[Given information — start]
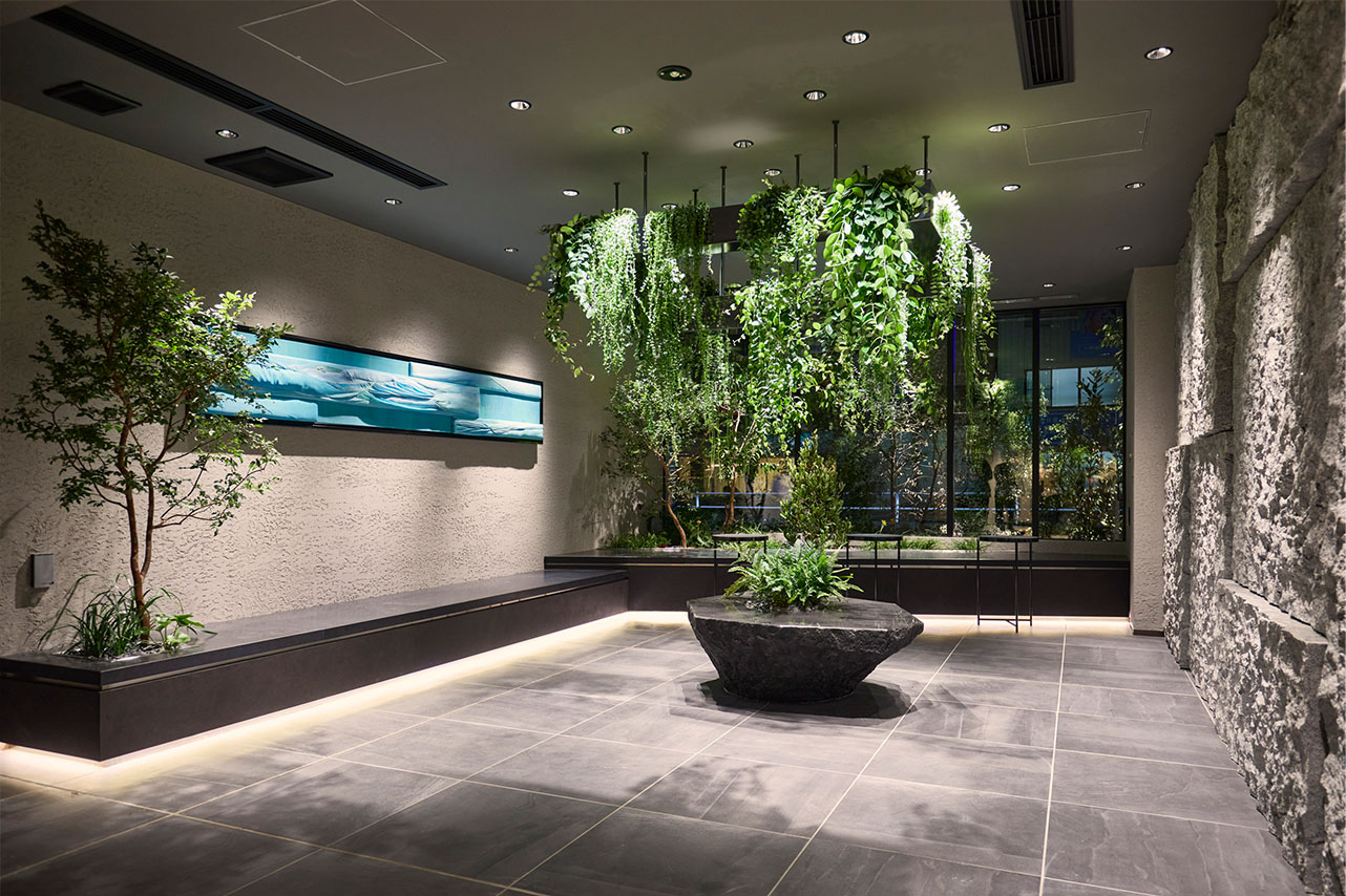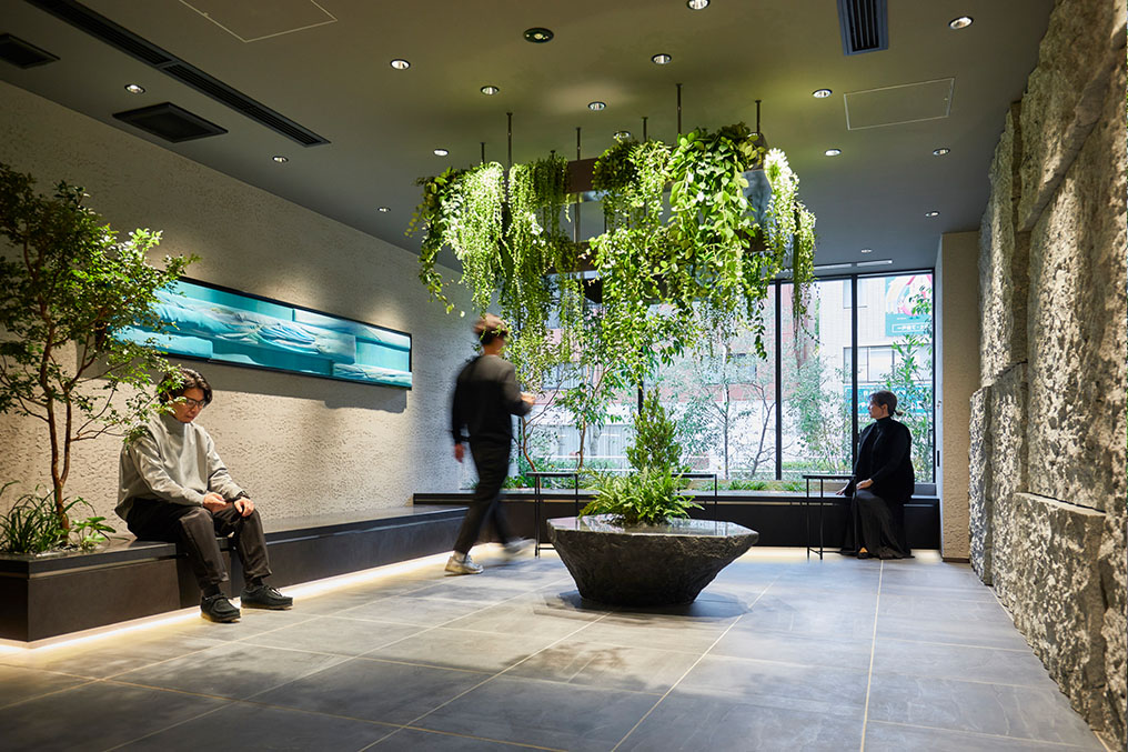 弊社の業務内容:コンセプト提案、内装デザイン設計(1Fエントランスアプローチ・1Fラウンジ)、植栽デザイン・施工(室内・屋外)、造作什器設計・施工、植栽メンテナンス
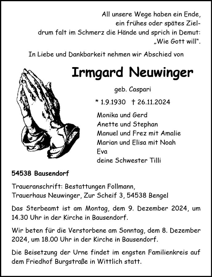 Trauerfeier, Kath. Pfarrkirche Bausendorf
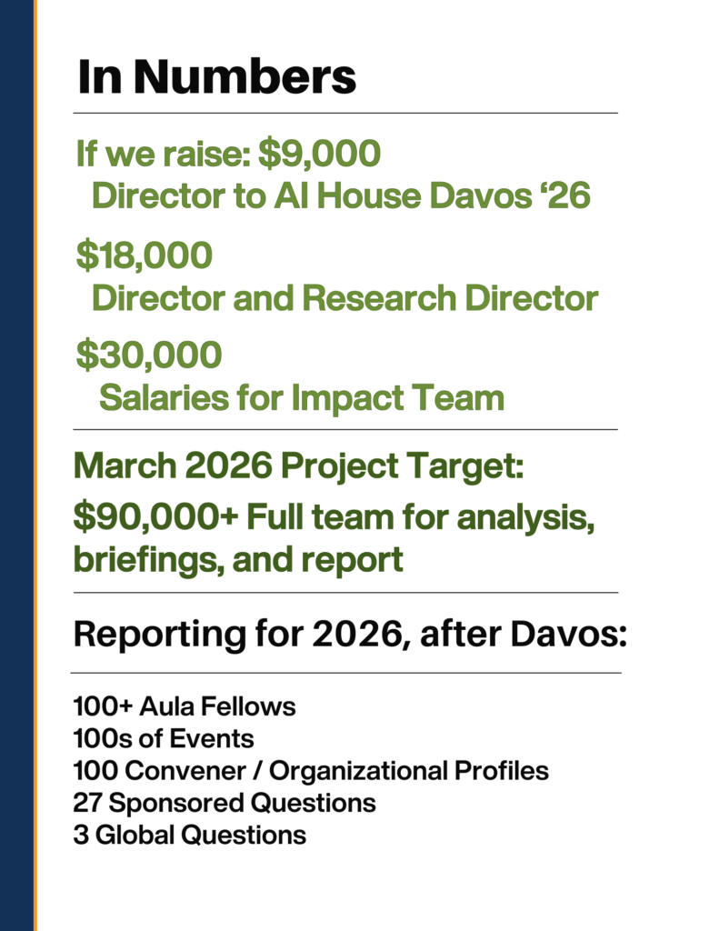 The first part of our budget is urgent, because we’ve just been invited to join AI House Davos ’26 and adjacent conversations, during the week of the World Economic Forum, this January 19th to 24th, 2026.
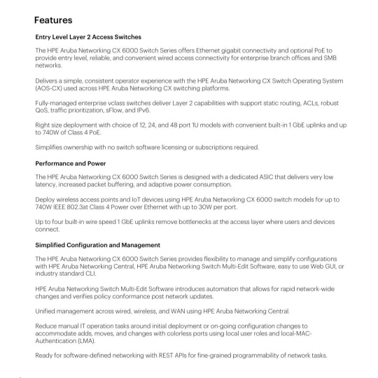 HPE Aruba Networking CX 6000 8p 10M/100M/1G Class4 PoE 2p SFP 1G 67W Switch.
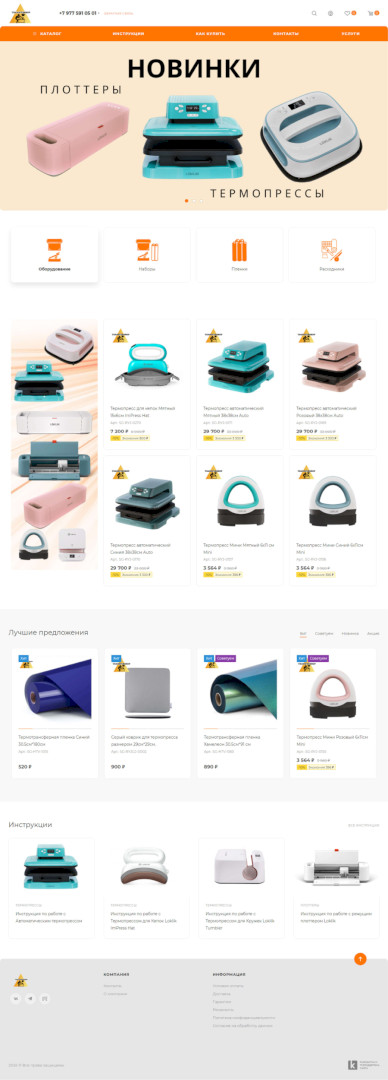 - Разработан сайт, как дополнительный источник продаж термопрессов и плоттеров, а также аксессуаров для творчества
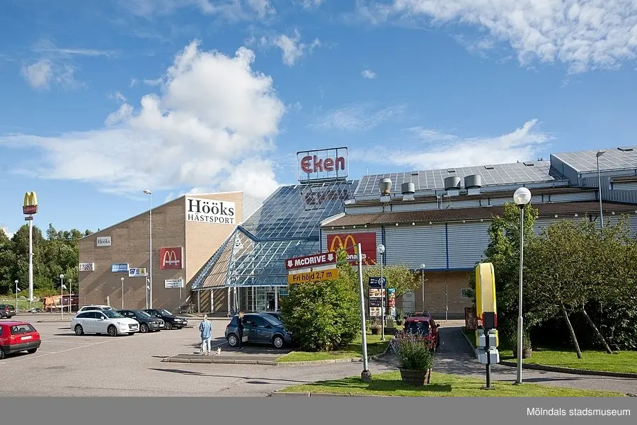 Köpcentret EkenCenter i Kållered, Mölndals kommun. Byggnadsdokumentation inför rivning. Fotografi taget 2012. Byggnaden, som har adressen Ekenleden 3, revs år 2013 och är ersatt av en byggnad som även den innehåller detaljhandel.
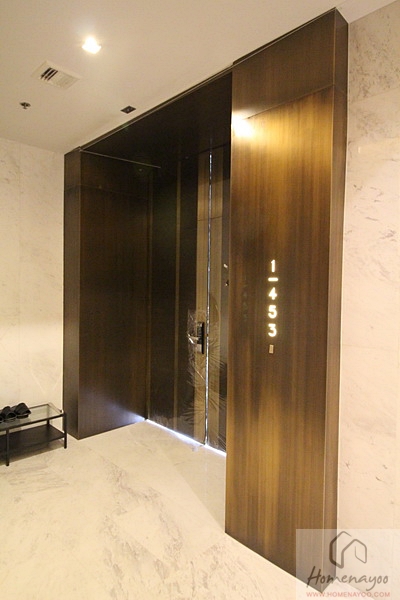 ห้อง Penthouse จะอยู่ที่ชั้น 39 นะคะซึ่งเป็นชั้นพักอาศัยชั้นบนสุดมีเพียง 3 ยูนิตเท่านั้นค่ะประตูด้านหน้าจะใหญ่กว่าห้องแบบ Duplex มีหมายเลขห้องด้านหน้าชัดเจนและมีไฟส่องออกมาจากตัวเลขห้องด้วย ประตูจะมี Digital Door Lock ของ Yale
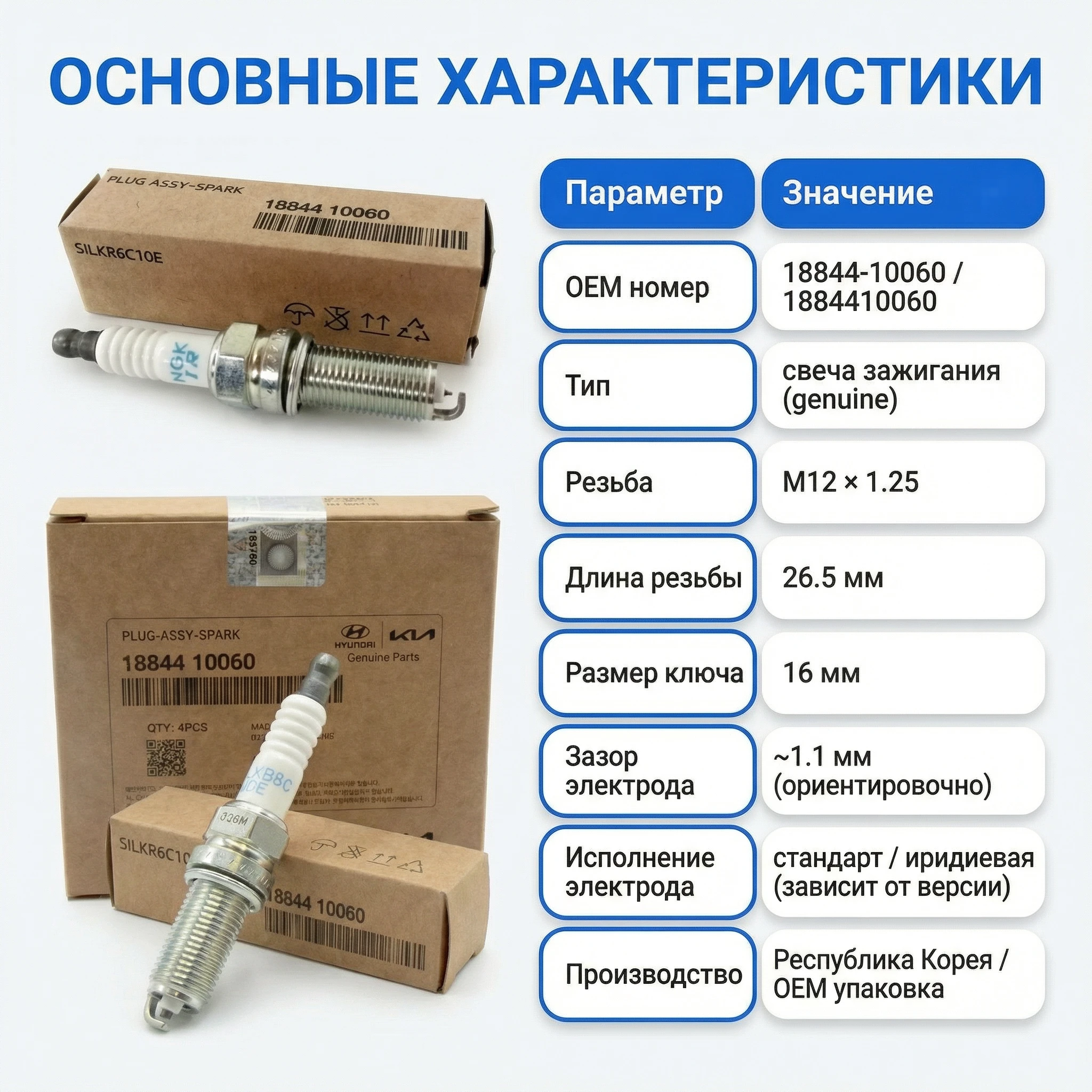 Основные характеристики Параметр Значение OEM номер 18844-10060 / 1884410060 Тип свеча зажигания (genuine) Резьба M12 × 1.25 Длина резьбы 26.5 мм Размер ключа 16 мм Зазор электрода ~1.1 мм (ориентировочно) Исполнение электрода стандарт / иридиевая (зависит от версии) Производство Республика Корея / OEM упаковка
[Given information — finish]
= Task requirements =
Give back word for word the lines from the one containing "Köpcentret EkenCenter i" through the final line of the data above. Pictures are to be left out.

= Exercise solution =
 Köpcentret EkenCenter i Kållered, Mölndals kommun. Byggnadsdokumentation inför rivning. Fotografi taget 2012. Byggnaden, som har adressen Ekenleden 3, revs år 2013 och är ersatt av en byggnad som även den innehåller detaljhandel.
 ห้อง Penthouse จะอยู่ที่ชั้น 39 นะคะซึ่งเป็นชั้นพักอาศัยชั้นบนสุดมีเพียง 3 ยูนิตเท่านั้นค่ะประตูด้านหน้าจะใหญ่กว่าห้องแบบ Duplex มีหมายเลขห้องด้านหน้าชัดเจนและมีไฟส่องออกมาจากตัวเลขห้องด้วย ประตูจะมี Digital Door Lock ของ Yale
 Основные характеристики Параметр Значение OEM номер 18844-10060 / 1884410060 Тип свеча зажигания (genuine) Резьба M12 × 1.25 Длина резьбы 26.5 мм Размер ключа 16 мм Зазор электрода ~1.1 мм (ориентировочно) Исполнение электрода стандарт / иридиевая (зависит от версии) Производство Республика Корея / OEM упаковка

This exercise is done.